19

474 64 2
                                    

"Dilaporkan seorang Ibu menganiaya anak tirinya hanya karena anak tirinya enggan untuk menuruti perintahnya untuk membeli minyak ke warung…."

Sang kameramen hanya menghela nafas lelah di antara sela-sela kesibukannya untuk mengambil gambar dari seorang reporter yang menjadi rekan kerjanya. Pekerjaan ini terasa membosankan sebenarnya. Apa yang diberitakan itu-itu saja. Semua terasa monoton.

Seperti sekarang, kasus kriminialitas atau penganiayaan sudah beberapa kali dalam seminggu ini ia liput untuk redaksi tempat di mana ia selama nyaris dua tahun ini bekerja. Dari kriminalitas sederhana seperti pencurian TV, hingga pembunuhan terencana dan mutilasi, sudah menjadi 'santapan' khas dirinya.
Bukannya apa, hanya saja terkadang pekerjaan ini begitu melelahkan. Satu hari dia di Jakarta, mungkin esoknya ia bisa langsung terbang ke kota lain untuk memburu berita. Tak jarang, jarak jauh ditempuhnya hanya untuk mendapatkan informasi dari berita yang pada intinya sama juga dengan berita sebelumnya.

Apalagi sekarang, suhu panas kota Jakarta membuatnya akhir-akhir ini sering uring-uringan. Rasa lelah, ditambah dengan sinar matahari yang menyengat, membuatnya sulit sekali untuk tetap berada dalam kondisi mental yang sabar. Itupun jika berita yang ia liput adalah berita sederhana yang tak memerlukan kemampuannya untuk saling 'adu otot' dan 'adu suara' macam kala ia meliput sebuah berita bentrokan.

"Istirahat dulu," ujar salah seorang kru saat mereka telah menyelesaikan shoot berita pertamanya.

Sang kameramen menghela nafas sejenak, untuk kemudian mematikan kamera dan mengalungkan talinya ke lehernya. Kedua matanya agak memicing karena silau saat melihat kesana kemari. Sungguh panas adalah yang dari dulu, amatlah ia benci.

"Sebentar lagi kita akan terbang menuju Yogyakarta. Istirahat satu jam, nanti kita langsung ke bandara," ucap yang lain.

"CK," dengus sang kameramen itu dengan muak.

"Kak Zee kenapa, lagi rumit banget kayanya ya"

~

Menjadi seorang kameramen akhirnya adalah sebuah pilihan hidup Azizi. Bangku kuliah dari sebuah universitas terkemuka di Jakarta, ia tinggalkan demi menggeluti pekerjaannya ini. Meskipun pada awalnya Gracio keberatan atas keputusannya, namun perlahan dia menerima. Terima kasih pada Jinan dan segala usahanya untuk membantu Azizi meyakinkan ayahnya.
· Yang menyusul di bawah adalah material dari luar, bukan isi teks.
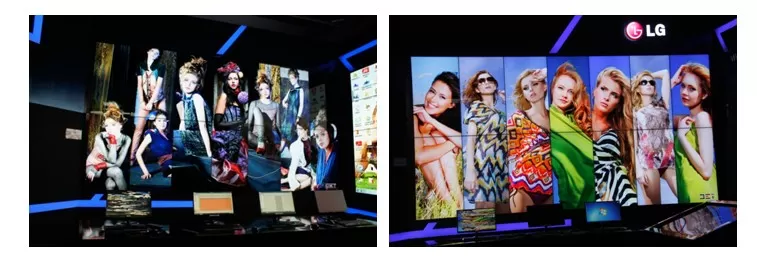液晶拼接墙用于商业展示,其特点是色彩鲜明、亮度高,另外液晶屏体轻巧,拼缝小,拼接方式有横向、纵向、异形等等多种方式,可实现不同的创意组合,令展示方式更具灵活性及个性化!

Mengapa kameramen? Entahlah, Azizi sendiri tidak tahu mengapa. Ia hanya secara spontanitas saja mendaftar ke sebuah redaksi berita saat dibutuhkan lowongan, dan ternyata, ia diterima dan mau tak mau, Azizi harus bersikap serius agar tak mengecewakan para rekannya.

Tepatnya beberapa waktu yang lalu, saat hidupnya terombang-ambing oleh ketidakpastian untuk mau dibawa kemana, saat ia sendiri tak tahu harus berbuat apa, saat pekerjaan yang dilakukannya hanya mengulas masa lalu di benak dan pikirannya, Azizi melihat sebuah lowongan pekerjaan menjadi kru berita di TV.

Daripada harus menghabiskan waktu untuk meratapi takdir, bukankah lebih baik ia gunakan waktu itu untuk menyibukkan diri?

Apa gunanya semua air matanya jika tak akan ada satu hal pun yang mampu ia rubah? Percuma saja jika dia terus meratap jika sesungguhnya ia tak mampu lagi untuk berharap. Tetap saja semua akan menjadi seperti ini, tak peduli betapa dalam dan lamanya pun dia bersedih.

Azizi tahu, ia tak akan pernah sanggup untuk melupakan satu kenangan tertentu. Azizi tahu, semua usahanya untuk bangkit pada akhirnya hanya menjadi bentuk penyiksaan pada batinnya sendiri. Azizi mengerti, seberapa besar keinginannya untuk memendam semua masa lalu, tak akan pernah berhasil selama raga ini masih mampu berjalan, selama nafas ini masih sanggup berhembus.
Dan selama rasa ini masih singgah di hatinya yang perlahan membeku.